English "mugwort" contains an element mu- meaning "fly, bug"; cf. Greek myía, Russian moska and German Mücke "mosquito". The Indo-European stem, MU-, is obviously onomatopoetic in origin. Folk-etymologically, the first element in mugwort is often assumed to refer to the herb's use in beer-brewing ("mug of beer"; see also gale for notes on brewing).
The second element in "mugwort" is an old term for "plant" (Old English wyrt "plant", "root") found in many other Germanic languages: German Wurzel "root" (formerly also "plant"), Swedish ört, Gothic waúrts. Less closely related are Greek rhádamnos "branch", Latin radix "root" and Old Irish fren "root", which all derive from an Indo-European root WRD. For further etymological connections, see horseradish.
Swedish malört "moth plant" for the closely related wormwood (see southernwood) is a similar formation; allegedly, mugwort's or wormwood's smell drives away moths from clothes.

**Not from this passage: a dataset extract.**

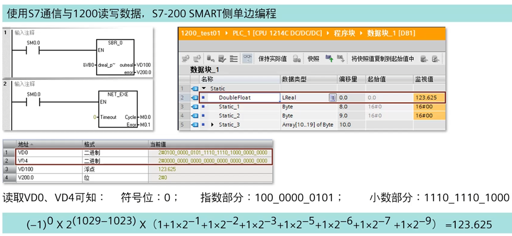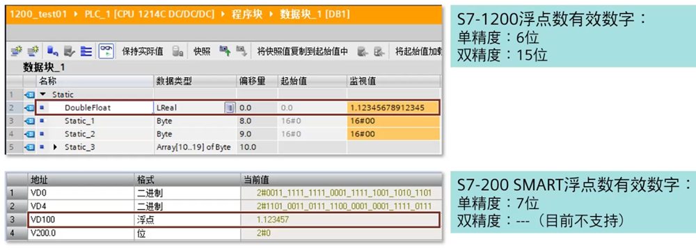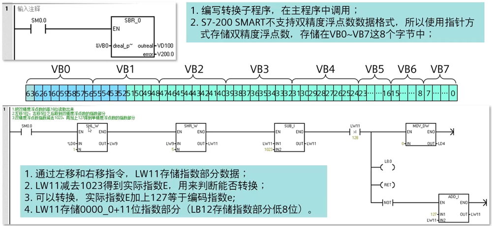 - S7-200 SMART不支持双精度浮点数数据格式,所以使用指针方式存储双精度浮点数,存储在VB0~VB7这8个字节中;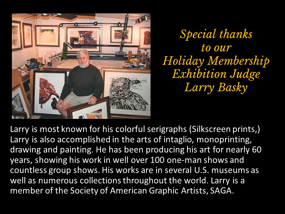 Larry Basky is the judge for this year’s membership exhibition. Larry is most known for his colorful serigraphs (Silkscreen prints), Larry is also accomplished in the arts of intaglio, monoprinting, drawing and painting. He has been producing his art for nearly 60 years, showing his work in well over 100 one-man shows and countless group shows. His works are in several US museums as well as numerous collections throughout the world. Larry is a member of the Society of American Graphic Artists, SAGA.

The German, Beifuß name derived from the Middle High German verb bivuoz "beat", but the connection is unclear; according to one theory some kind of squeezing the leaves for food preparation is indicated, according to another, the name refers to some apotrophaeic quality of the plant (it "beats or drives away" evil powers).
Like the closely related southernwood, mugwort is only occasionally used as a spice. Its slightly bitter taste fits best to fat fish or meat (it is sometimes suggested for goose or mutton); occasionally, it is eaten raw as a salad.